Fig. 3 (a) Stacked UV-vis spectra and (b) DLS of RCNDs in alkaline solution at pH = 12 (blue line), RCNDs in water (black line) and RCND–TEG–FA in water (red line); (c) the FL spectra of RCND (25 μg mL⁻¹) and RCND–TEG–FA (25 μg mL⁻¹ of RCNDs) in water; (d) plotting the fluorescence intensity of DHR123 at 525 nm in the presence of RCNDs (25 μg mL⁻¹) and RCND–TEG–FA (25 μg mL⁻¹ of RCNDs) upon 660 nm laser irradiation (0.1 W cm⁻²) with time; (e) scheme of the covalent functionalization of carbon nanodot aggregates.

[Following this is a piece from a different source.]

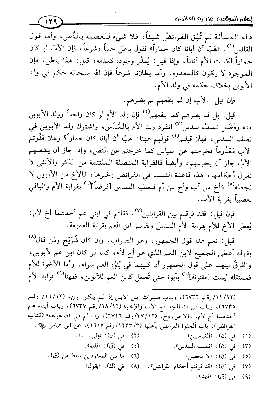 هذه المسألة لم تُبْقِ الفرائضُ شيئًا، فلا شيء للعصبة بالنَّص، وأما قول القائس (١): "هَبْ أن أبانا كان حمارًا" فقول باطل حسًا وشرعًا، فإن الأبَ لو كان حمارًا لكانت الأم أتانًا، وإذا قيل: يُقدَّر وجوده كعدمه، قيل: هذا باطل، فإن الموجود لا يكون كالمعدوم، وأما بطلانه شرعًا فإن اللَّه سبحانه حكم في ولد الأبوين بخلاف حكمه في ولد الأم.
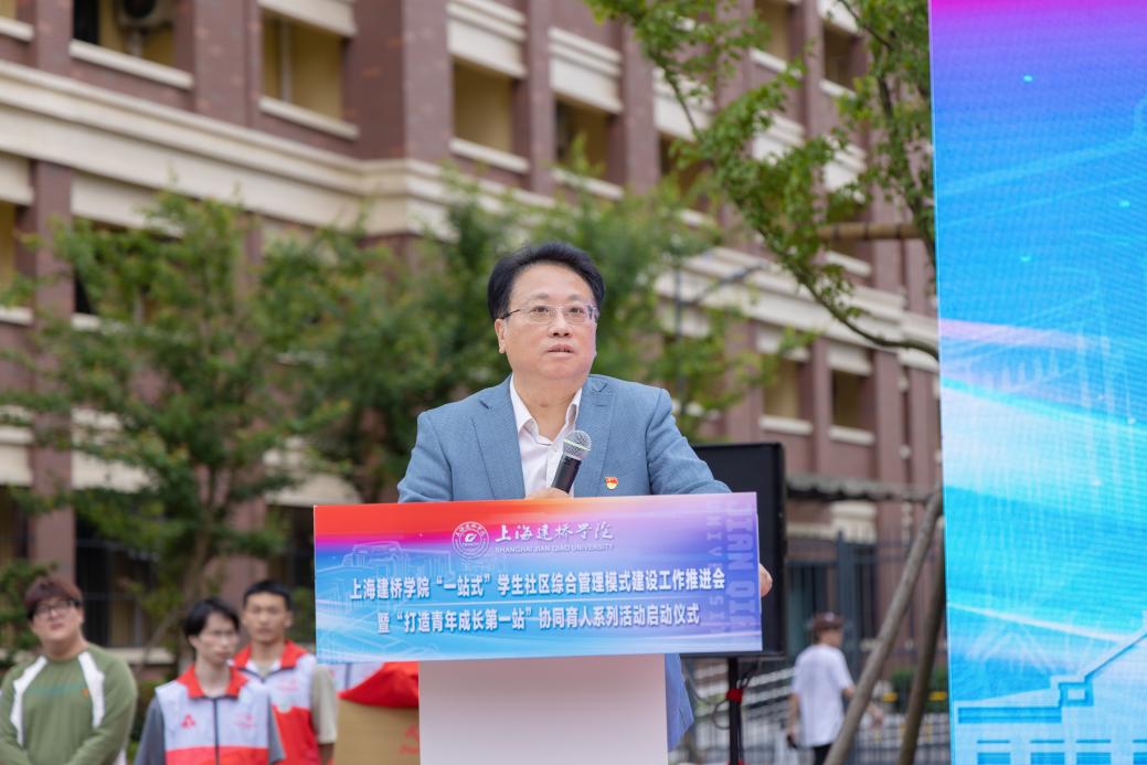 5月23日下午,上海建桥学院在学生社区广场举办了一场别开生面的活动——“一站式”学生社区综合管理模式建设工作推进会暨“打造青年成长第一站”协同育人系列活动启动仪式举行。上海市民办高校党工委专职干部周光狼,上海建桥学院校长朱瑞庭、校党委书记杨伟人、副校长陈伟出席,各职能部门负责人,各二级学院党委(总支)书记、副书记和师生代表参加活动。学生处处长张巍主持活动。

2.3. Fluorescence detection and ROS generation

With RCND–TEG–FA in hand, we decided to investigate their fluorescence emission for cell imaging and their ROS production. Fig. 3c displays the fluorescence spectra of RCNDs and RCND–TEG–FA aqueous solutions. Both samples exhibited a wide range emission spectrum from 500 to 800 nm with a strong peak at 640 nm (excitation: 485 nm). However, RCND–TEG–FA showed a remarkably stronger fluorescence emission, being ∼6-fold higher than that of RCNDs in water (at 25 μg mL⁻¹). Furthermore, the fluorescence quantum yield of RCNDs was measured using a spectrometer attached to an integrating sphere and corresponded to 0.4% in water, while the fluorescence quantum yield of RCND–TEG–FA increased to 1%. This quantum yield is higher than that of Se-doped CDs (0.2%) and CD nanoparticles (0.15%) prepared from polythiophene derivatives.^50,51 Although recently reported F-doped carbon dots were endowed with a high fluorescence quantum yield,⁵² the low quantum yield of our RCNDs does not prevent their use for biomedical applications, including fluorescence imaging.^51,52 This enhancement of RCND fluorescence is clearly due to the presence of the FA ligand preventing RCND aggregation and improving the solubility. These results clearly indicate that the chemical functionalization of the RCNDs improved their fluorescence properties. The enhanced fluorescence intensity could make RCND–TEG–FA useful for cell imaging.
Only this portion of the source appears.